- [How to complete this task] Leaving the pictures aside, return all of the data below exactly.

- [Available data]
--- START ---
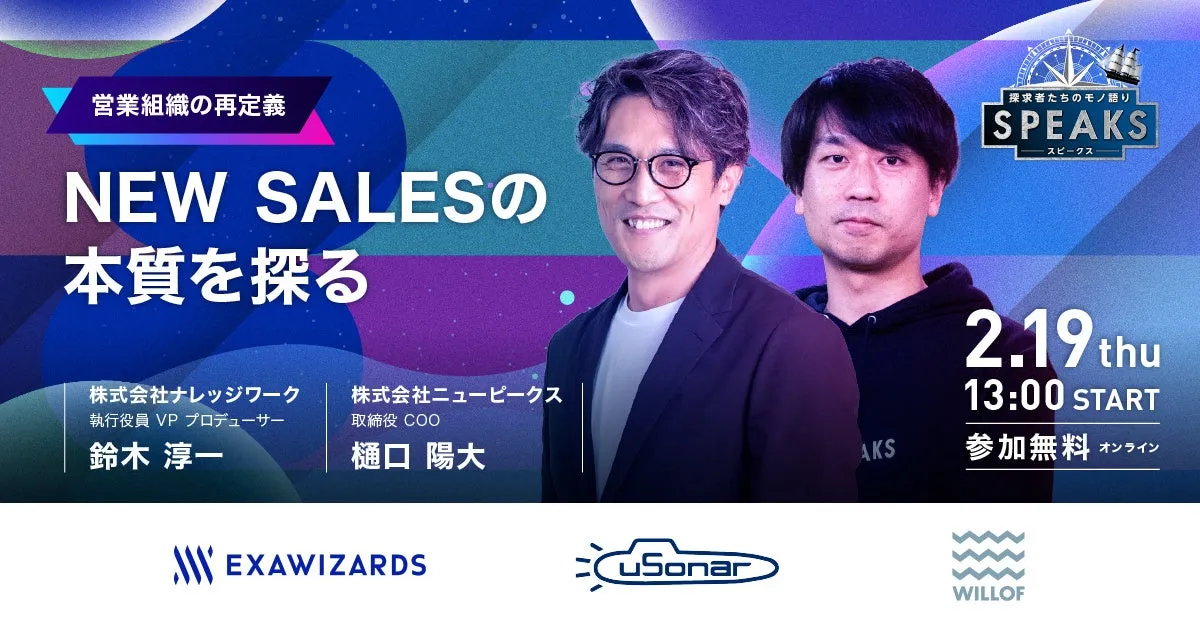 2026年2月19日、営業に関わるすべてのビジネスパーソンに向けたオンラインイベント「SPEAKS -営業リーダーズサミット-」が開催されます。このサミットは、株式会社ニューピークスが主催し、多様なセッションを通じて営業の最前線を学ぶ機会を提供します。
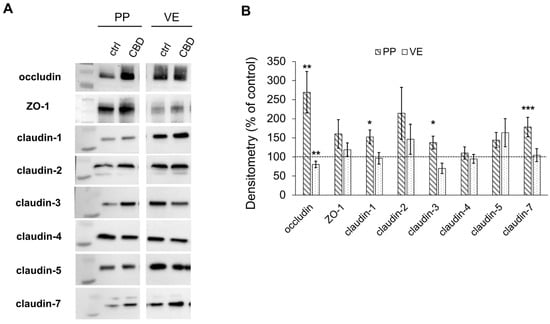 Expression of tight junction proteins after 6 h of incubation with 40 µM of CBD in Peyer’s Patch (PP) and villus epithelium (VE). (A) Western blots and (B) Densitometry of tight junction proteins (Kruskal–Wallis test, * p < 0.05; ** p < 0.01; *** p < 0.001; n = 5–7). The CBD-treated group is compared to controls, which were set to 100% and are shown as the dotted line.
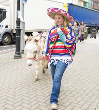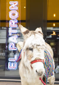A donkey hit the pavements of Putney today (10th February) in honour of the launch of new Mexican late night bar, El Patron. Accompanied by a poncho clad team of admirers he donned a local policeman's hat, stopped for selfies with fans and even popped into the tube to purchase a travel card. He wasn't giving rides despite many offers from passers by who brayed with delight at seeing a donkey in the middle of the day, seeming more interested in the delicious tacos and burritos available at El Patron.
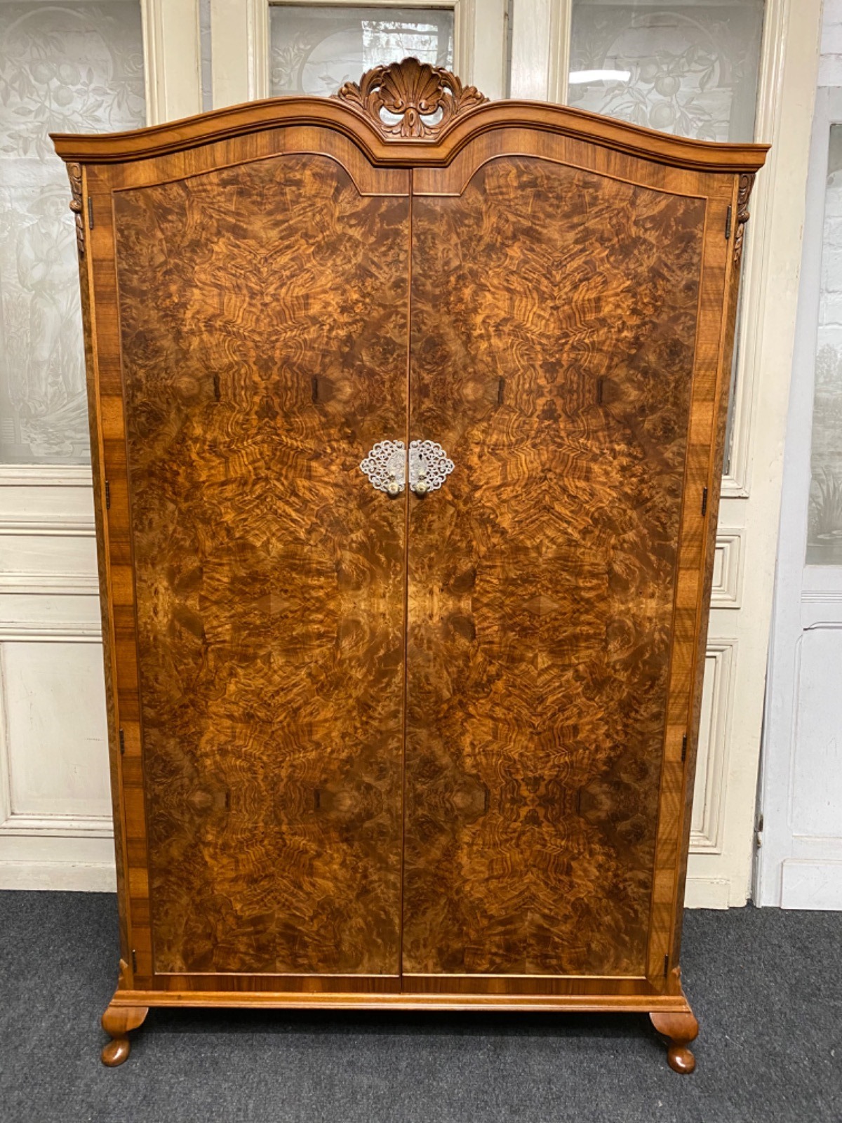 A simply stunning 2 door Wardrobe, having the best burr walnut front I have seen in a long time. Nice original lock plate and she sits on Queen Anne legs. Having been re finished to a very high standard in excellent condition for the home.
--- END ---
- [Output below]
 2026年2月19日、営業に関わるすべてのビジネスパーソンに向けたオンラインイベント「SPEAKS -営業リーダーズサミット-」が開催されます。このサミットは、株式会社ニューピークスが主催し、多様なセッションを通じて営業の最前線を学ぶ機会を提供します。
 Expression of tight junction proteins after 6 h of incubation with 40 µM of CBD in Peyer’s Patch (PP) and villus epithelium (VE). (A) Western blots and (B) Densitometry of tight junction proteins (Kruskal–Wallis test, * p < 0.05; ** p < 0.01; *** p < 0.001; n = 5–7). The CBD-treated group is compared to controls, which were set to 100% and are shown as the dotted line.
A donkey hit the pavements of Putney today (10th February) in honour of the launch of new Mexican late night bar, El Patron. Accompanied by a poncho clad team of admirers he donned a local policeman's hat, stopped for selfies with fans and even popped into the tube to purchase a travel card. He wasn't giving rides despite many offers from passers by who brayed with delight at seeing a donkey in the middle of the day, seeming more interested in the delicious tacos and burritos available at El Patron.
 A simply stunning 2 door Wardrobe, having the best burr walnut front I have seen in a long time. Nice original lock plate and she sits on Queen Anne legs. Having been re finished to a very high standard in excellent condition for the home.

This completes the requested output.